Las horas pasan, y Santiago se ha convertido en esa clase de persona a las que criticaba, viendo un video con subtítulos y en silencio, desde su celular. Sentado en el mueble dentro de la habitación principal, incapaz de usar auriculares para poder estar atento a cualquier ruido. Hamel sigue en cama, duerme, aunque se mueva constantemente por los sueños febriles que la acechan.

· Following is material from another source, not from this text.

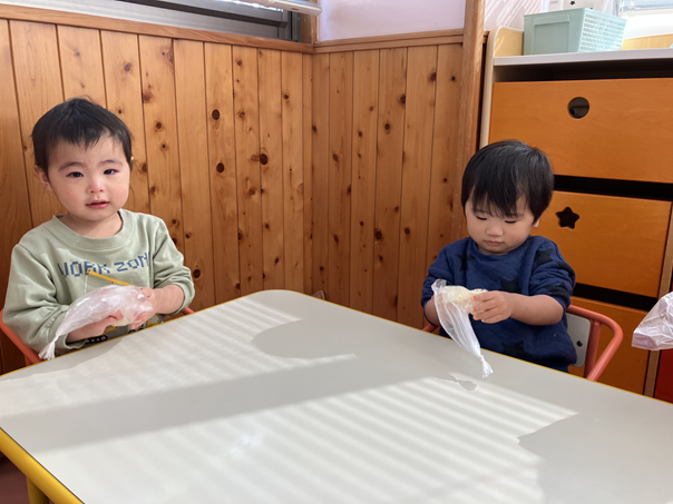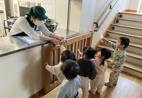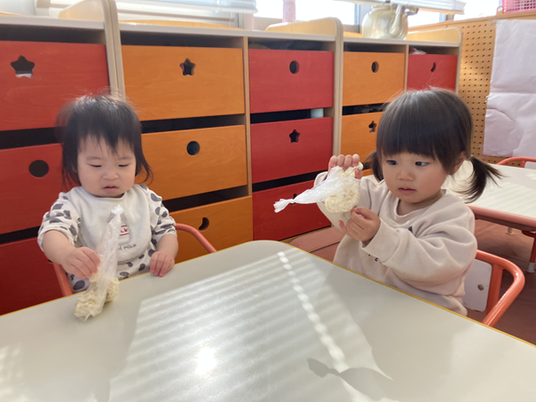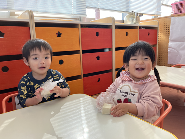 保育士と一緒に全ての豆腐をつぶし、給食室へ届けました💕

De pronto se levanta, acompañando su acelerada respiración con un grito ahogado.

—¿Qué pasa? —Santiago se acerca, asustado.

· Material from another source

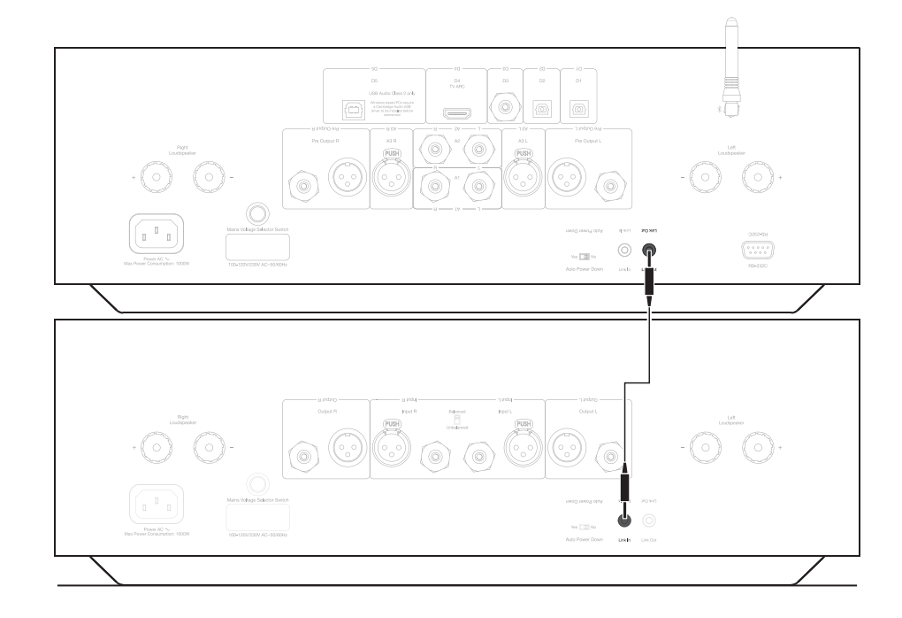 Connecting the Link Wire from 'Link Out' on the EDGE A to 'Link In' on the EDGE W will synchronize power on/standby. When you turn the EDGE A On/Off, the EDGE W will also turn On/Off.

Hamel lo observa, luego mira su brazo, buscando la razón del dolor. Recorre con la mirada el largo tubo hasta la pared, arriba, de donde cuelga el suero, a punto ya de acabarse.

—¿Qué haces aquí? —pregunta con una mirada filosa.

—¿Cuidándote? —Santiago reafirma su postura, no esperaba esta hostilidad.

—¿Por qué de todas las personas, tienes que ser tú?

Santiago no dice nada, se ha quedado sin palabras. Solo le sostiene la mirada de desprecio, hasta suspirar. Prefiere verla como un animal herido, que ataca por defensa y desconfianza.